■ The task: In the entries below, begin at the line that has "Both the buyer", stop after the line that has "a ants pool.", and output those lines exactly with no pictures.

■ Study material:
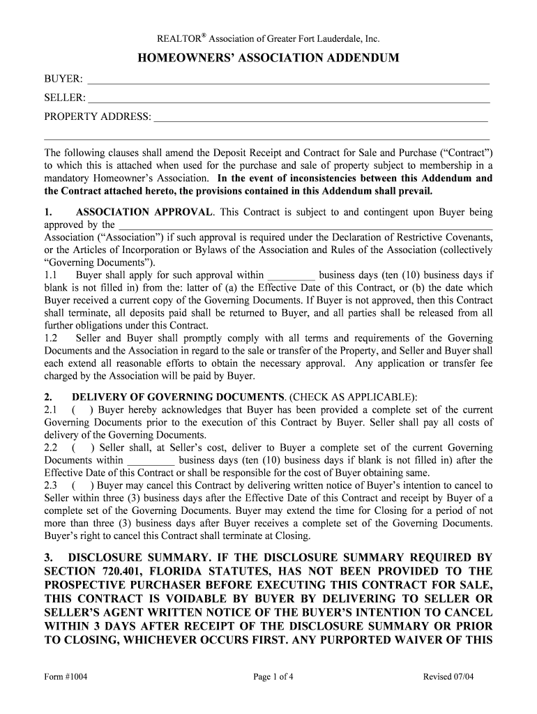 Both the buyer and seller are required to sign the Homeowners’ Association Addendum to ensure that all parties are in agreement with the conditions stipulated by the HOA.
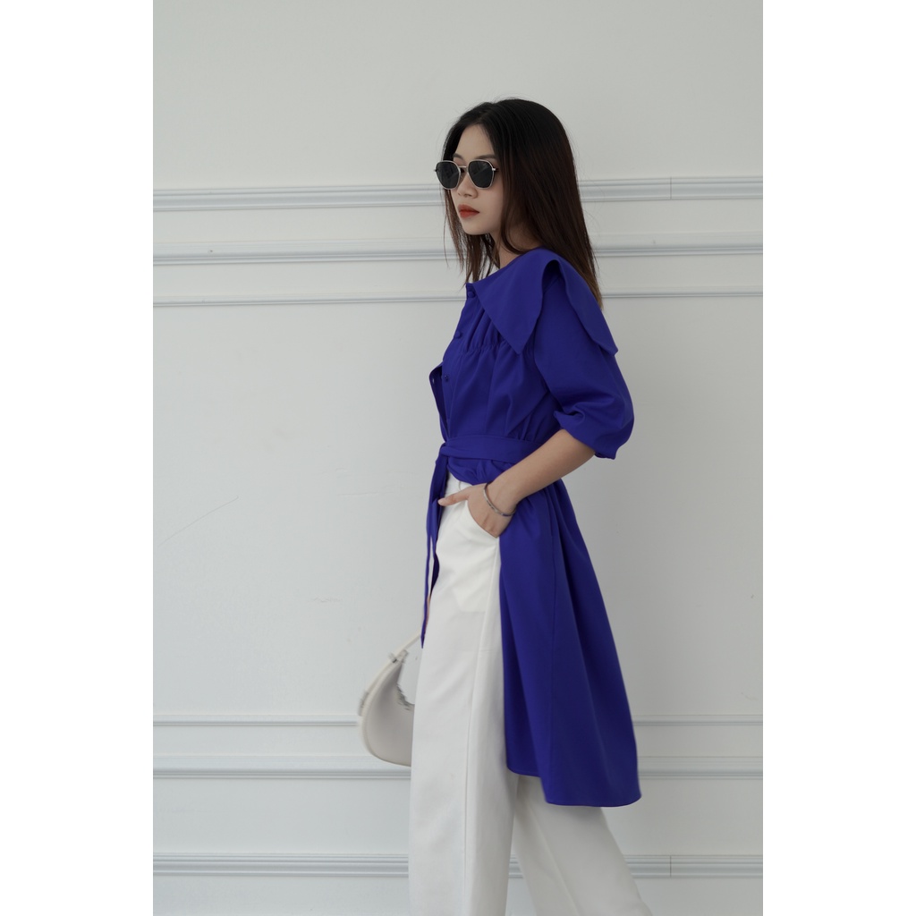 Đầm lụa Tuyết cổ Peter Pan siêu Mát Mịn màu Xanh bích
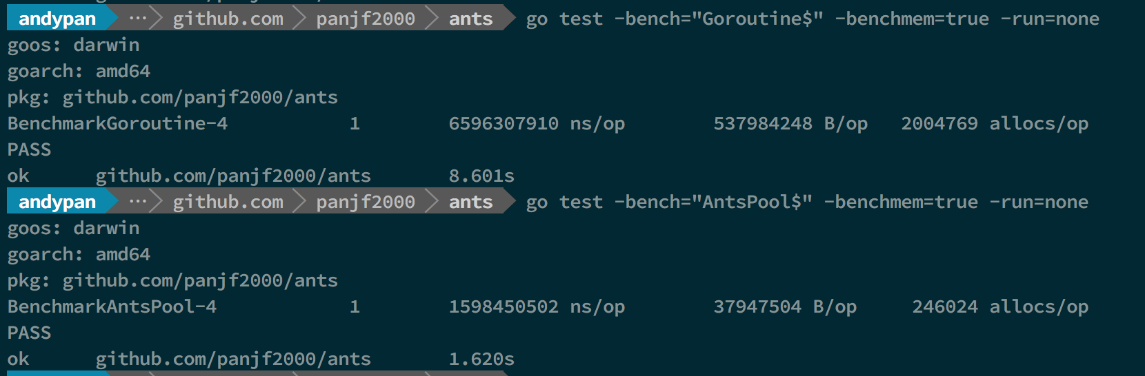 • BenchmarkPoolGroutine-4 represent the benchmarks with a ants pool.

==

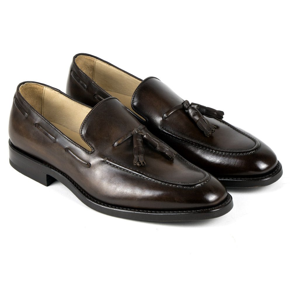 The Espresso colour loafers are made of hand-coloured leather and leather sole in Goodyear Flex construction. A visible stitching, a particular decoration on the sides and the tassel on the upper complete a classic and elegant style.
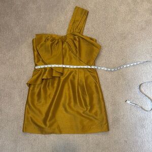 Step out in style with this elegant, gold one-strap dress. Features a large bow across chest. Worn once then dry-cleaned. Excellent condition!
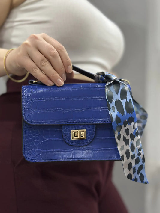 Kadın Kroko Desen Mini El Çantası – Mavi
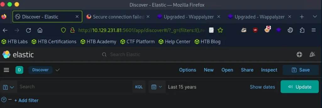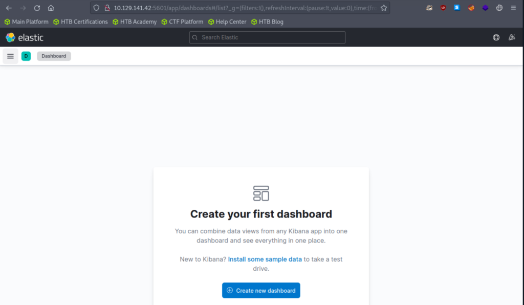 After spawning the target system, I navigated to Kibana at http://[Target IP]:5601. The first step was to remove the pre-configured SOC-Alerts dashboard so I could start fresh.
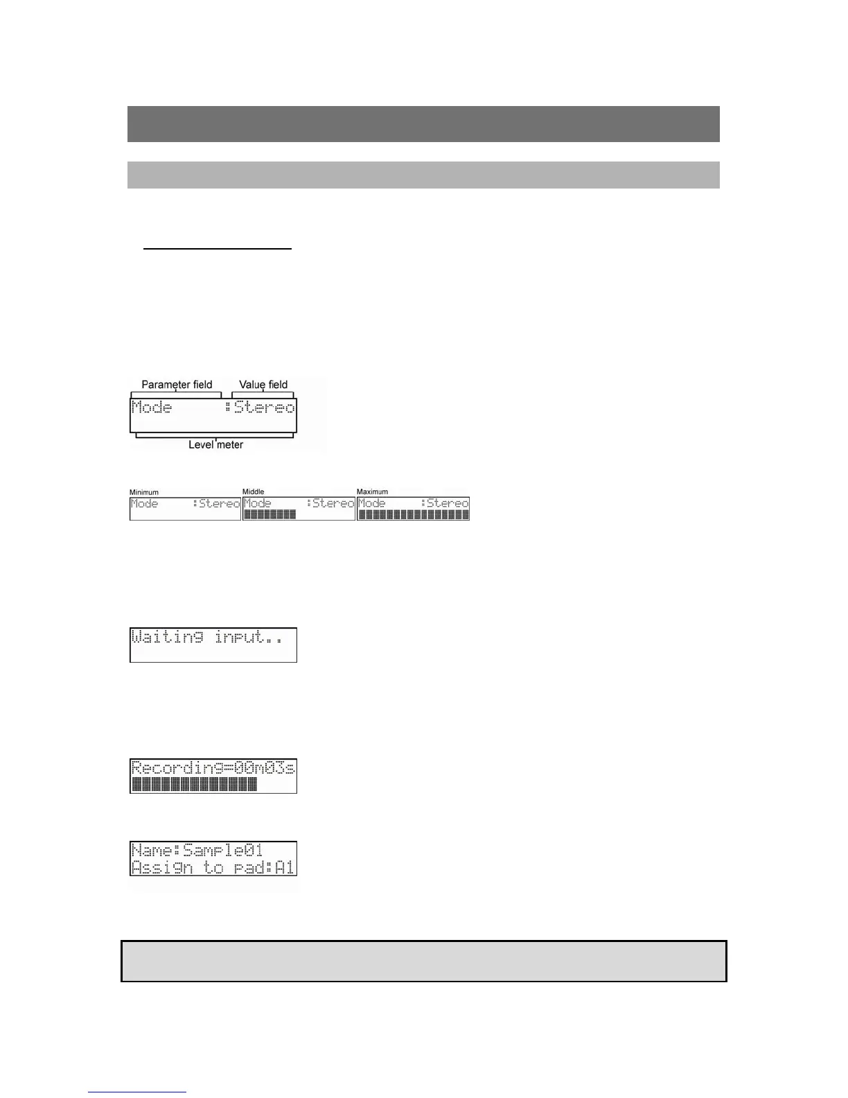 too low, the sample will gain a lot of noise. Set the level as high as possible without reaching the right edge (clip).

■ Response:
 Both the buyer and seller are required to sign the Homeowners’ Association Addendum to ensure that all parties are in agreement with the conditions stipulated by the HOA.
 Đầm lụa Tuyết cổ Peter Pan siêu Mát Mịn màu Xanh bích
 • BenchmarkPoolGroutine-4 represent the benchmarks with a ants pool.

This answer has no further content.